Search the records below for the word "العمارة". Pull out each line that has it.

Stored dataset items:
● ● ● ●

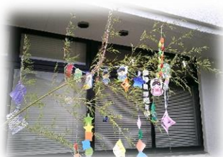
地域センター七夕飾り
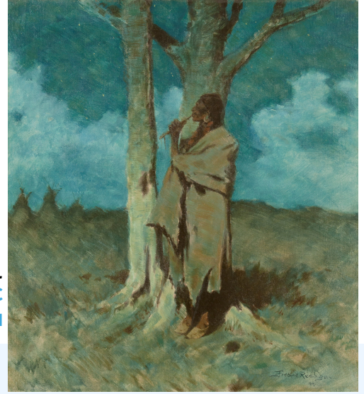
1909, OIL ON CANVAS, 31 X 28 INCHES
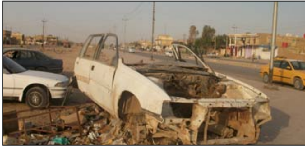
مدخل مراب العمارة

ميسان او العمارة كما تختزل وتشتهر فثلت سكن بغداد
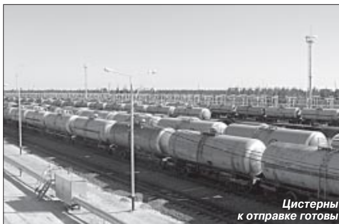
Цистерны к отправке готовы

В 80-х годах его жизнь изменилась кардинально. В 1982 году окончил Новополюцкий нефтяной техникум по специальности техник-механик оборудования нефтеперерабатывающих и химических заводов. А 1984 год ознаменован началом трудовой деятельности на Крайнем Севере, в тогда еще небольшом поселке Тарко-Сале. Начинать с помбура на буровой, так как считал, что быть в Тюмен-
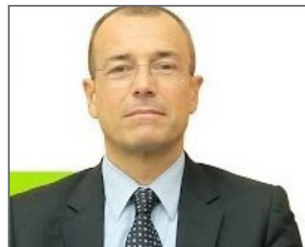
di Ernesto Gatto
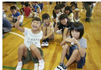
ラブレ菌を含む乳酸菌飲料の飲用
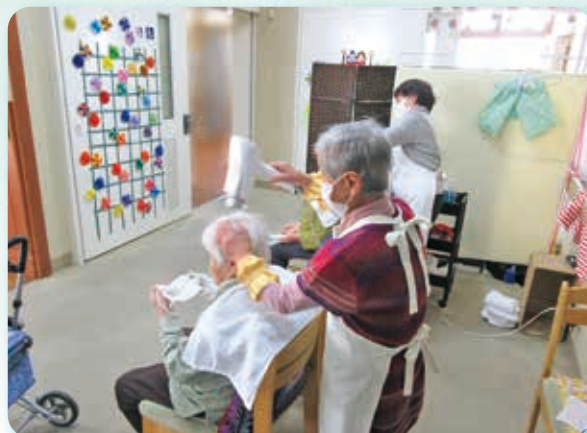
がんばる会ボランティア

● ● ● ●

ANSWER BOX:
مدخل مراب العمارة
ميسان او العمارة كما تختزل وتشتهر فثلت سكن بغداد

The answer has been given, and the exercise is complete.